Williams: Yeah, so this was actually, my PhD dissertation. I originally intended for my dissertation to be about how immigrant women use mass media, whether it be television, newspapers, and radio; to learn English. But when I was doing my homework on Sundays, I noticed that whenever The Real Housewives of Atlanta would air on television; everything they said, the things they did, places they went, their catchphrases, the things they wore, would end up trending on Twitter.

EK: With the change of Twitter’s ownership and transition into X, what have you noticed has shifted for Black audiences? And do you think, creators still hold the same power and or the platforms calling more of the shots?

Williams: I think creators still hold the power, but I definitely don't think that Twitter does. Twitter is a cesspool for homophobia, transphobia, misogyny, and racism. There has been a clear exodus from Twitter ever since Elon Musk took it over, and it's not just by typical, everyday people, but also by people who are in the television space.

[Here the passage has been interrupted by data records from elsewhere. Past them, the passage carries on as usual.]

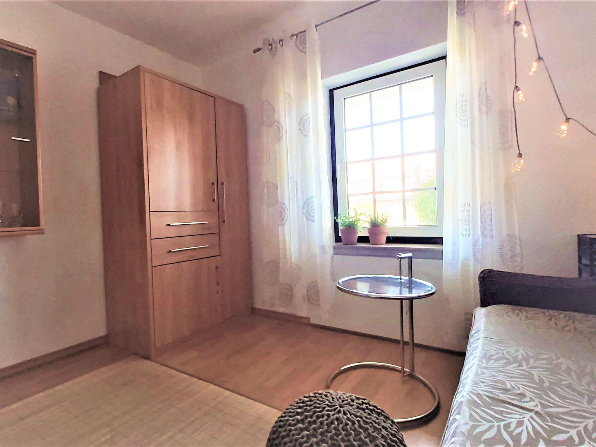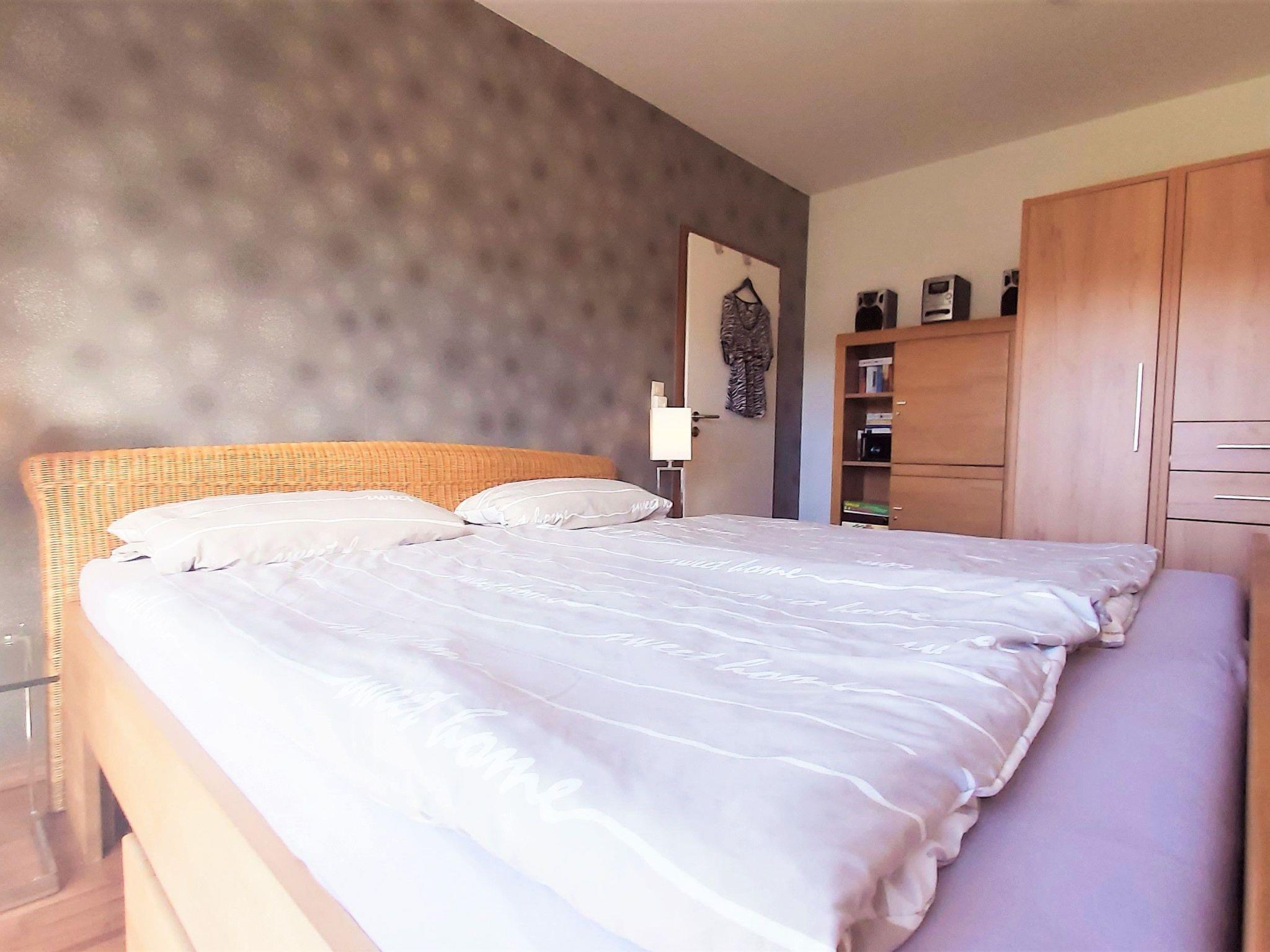 - From bedroom 1 you step directly onto the terrace in the morning. Soak up the peace and nature. The 180x200cm double bed at a comfortable height and the darkening through the external blinds contribute to a peaceful night's sleep. You will also find ample wardrobe space, a small workstation, armchair and stereo system. An iron, ironing board etc. are also available here if you need them!
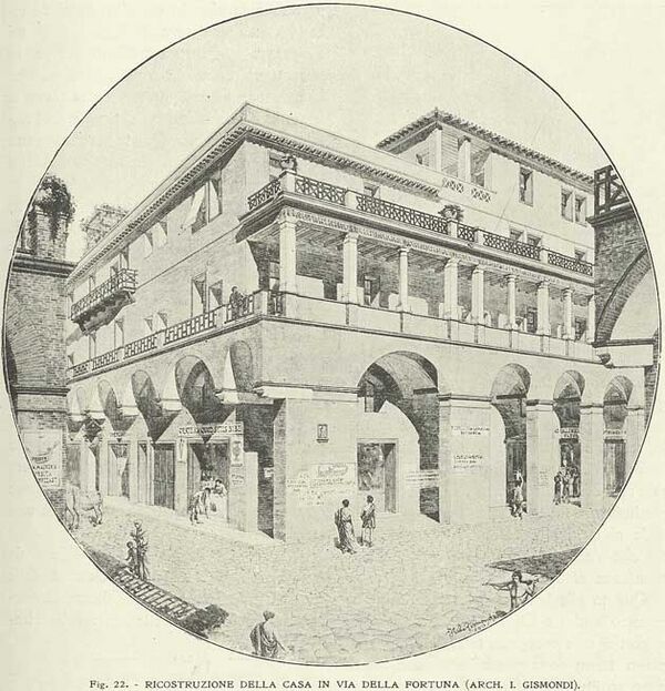 В XIX веке историки Ланчиани и Нибур считали, что римские районы у моста Сант-Анджело, римского гетто, в Регола могли быть похожи на античные плебейские районы, такие как Субура или Transtiberim, и их застройку[162][163]. Лишь после раскопок в Остии, когда были обнаружены многочисленные руины многоэтажных домов, появились первые исследования и реконструкции этих зданий, позднее и сравнения архитектурных особенностей Рима и Остии.
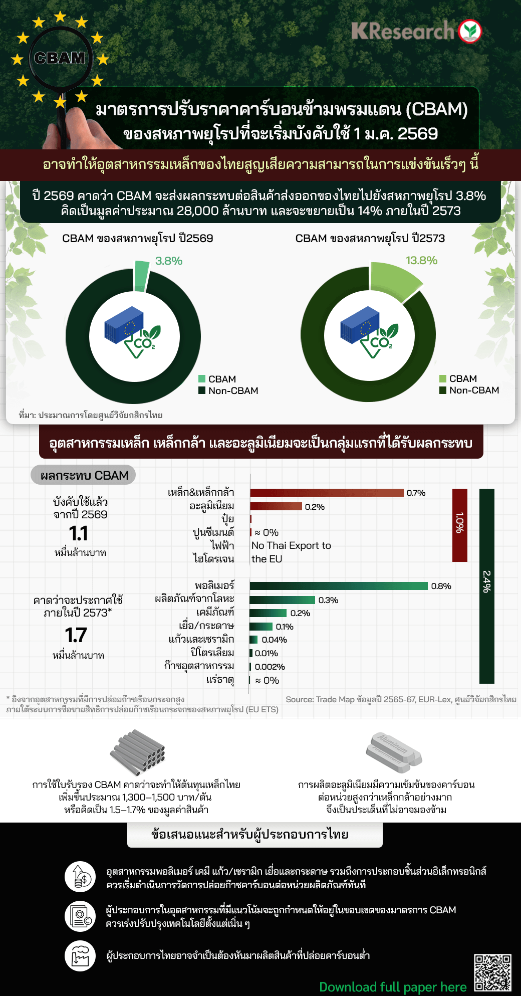 ตั้งแต่วันที่ 1 มกราคม 2569 สหภาพยุโรปจะเริ่มจัดเก็บภาษีนำเข้าภายใต้มาตรการปรับราคาคาร์บอนข้ามพรมแดน (CBAM) ตามปริมาณการปล่อยก๊าซเรือนกระจกของสินค้า ทั้งทางตรงและทางอ้อมจากกระบวนการผลิตของสินค้า โดยในระยะแรก ศูนย์วิจัยกสิกรไทยคาดว่า CBAM จะส่งผลกระทบต่อ 3.8% ของสินค้าส่งออกของไทยไปสหภาพยุโรปในปี 2569 คิดเป็นมูลค่าประมาณ 28,000 ล้านบาท
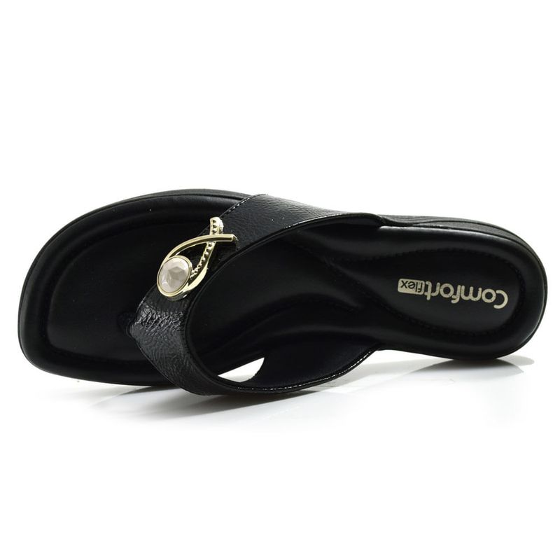Sandália Rasteira Feminina Comfortflex, confeccionada em material sintético, palmilha acolchoada, solado de borracha e detalhe em aplicação metalizada, esse é um calçado ideal para quem busca praticidade, conforto e bem estar, seja para ocasiões casuais ou dia a dia. Coleção: Atemporal. Aproveite e compre online. Ref: 2580401
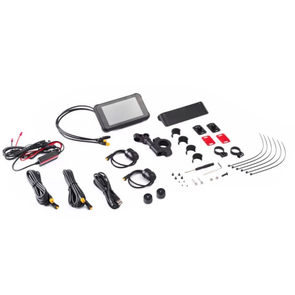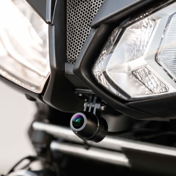Also included in the pack: two cameras with cable and two tyre pressure sensors. This means you get to monitor your motorcycle and your direct environment via your touchscreen. One camera in the front and one in the back, and you’ll control all functions through the app. Recording and registering images is optional (you’ll need an extra SD card) but the QFHD resolution and the antivibration algorithm offer great quality. The tyre pressure sensors are configurable and give a warning if a minimum value is reached.
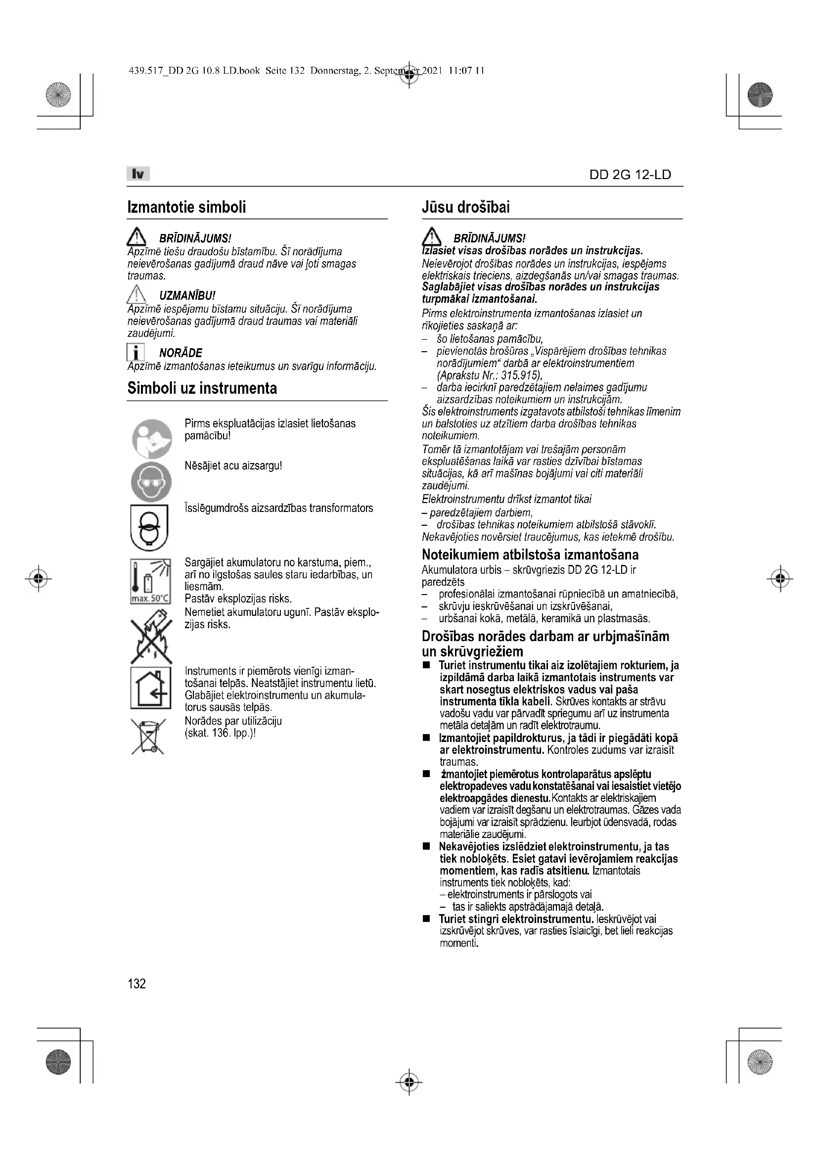 Izmantotie simboli BRĪDINĀJUMS! Apzīmē tiešu draudošu bīstamību. Šī norādījuma neievērošanas gadījumā draud nāve vai ļoti smagas traumas. UZMANĪBU! Apzīmē iespējamu bīstamu situāciju. Šī norādījuma neievērošanas gadījumā draud traumas vai materiāli zaudējumi. NORĀDE Apzīmē izmantošanas ieteikumus un svarīgu informāciju. Simboli uz instrumenta Jūsu drošībai BRĪDINĀJUMS! Izlasiet visas drošības norādes un instrukcijas. Neievērojot drošības norādes un instrukcijas, iespējams elektriskais trieciens, aizdegšanās un/vai smagas traumas. Saglabājiet visas drošības norādes un instrukcijas turpmākai izmantošanai. Pirms elektroinstrumenta izmantošanas izlasiet un rīkojieties saskaņā ar: – šo lietošanas pamācību, – pievienotās brošūras „Vispārējiem drošības tehnikas norādījumiem“ darbā ar elektroinstrumentiem (Aprakstu Nr.: 315.915), – darba iecirknī paredzētajiem nelaimes gadījumu aizsardzības noteikumiem un instrukcijām. Šis elektroinstruments izgatavots atbilstoši tehnikas līmenim un balstoties uz atzītiem darba drošības tehnikas noteikumiem. Tomēr tā izmantotājam vai trešajām personām ekspluatēšanas laikā var rasties dzīvībai bīstamas situācijas, kā arī mašīnas bojājumi vai citi materiāli zaudējumi. Elektroinstrumentu drīkst izmantot tikai – paredzētajiem darbiem, – drošības tehnikas noteikumiem atbilstošā stāvoklī. Nekavējoties novērsiet traucējumus, kas ietekmē drošību. Noteikumiem atbilstoša izmantošana Akumulatora urbis – skrūvgriezis DD 2G 12-LD ir paredzēts –profesionālai izmantošanai rūpniecībā un amatniecībā, –skrūvju ieskrūvēšanai un izskrūvēšanai, – urbšanai kokā, metālā, keramikā un plastmasās. Drošības norādes darbam ar urbjmašīnām un skrūvgriežiem Turiet instrumentu tikai aiz izolētajiem rokturiem, ja izpildāmā darba laikā izmantotais instruments var skart nosegtus elektriskos vadus vai paša instrumenta tīkla kabeli. Skrūves kontakts ar strāvu vadošu vadu var pārvadīt spriegumu arī uz instrumenta metāla detaļām un radīt elektrotraumu. Izmantojiet papildrokturus, ja tādi ir piegādāti kopā ar elektroinstrumentu. Kontroles zudums var izraisīt traumas.

One of the reasons why Scandal was such a big social media hit was because not only did Kerry Washington borrow some of the social media and digital activism strategies that she was using when she was working on the Obama campaign in 2008, but she also got Shonda Rhimes, the show's creator and producer, to tweet about the show and the rest of the cast.

EK: In your book, you talk about “image warfare”—the fight over who gets to define Black identity. Do digital platforms make that fight easier, harder, or just more complicated?

Williams: I think they really do both. In terms of image warfare, digital platforms and mobile technology give marginalized people, particularly Black people, an opportunity to refute harmful images and do it collectively in ways that can be amplified.

At the same time, these platforms were created by people who, often unintentionally, built them with the same societal prejudices that exist offline. I’m thinking about algorithmic oppression right now.

EK: How do you bring the themes of Black Social Television such as identity, power, and representation into the classroom?

Williams: don't really talk about Black social TV specifically that much. I do bring it into one of my classes, Identity, Power, and Misrepresentation, because it’s about media representations of different marginalized groups across the board. But I mostly teach journalism classes, so it's not really applicable over there.

Generally, what I teach about is how media representations, particularly in the United States, where there is a concentration of media ownership. We basically have these media moguls who are information tyrants, who restrict and constrict what we see and what we hear. The big five companies circulate information that fits into their own interests.

Commercialism and capitalism are the priorities of corporate media, not citizenship. These media companies talk to us like we’re customers—people who are going to buy and consume things—rather than citizens who act on what we see and learn for the betterment of society.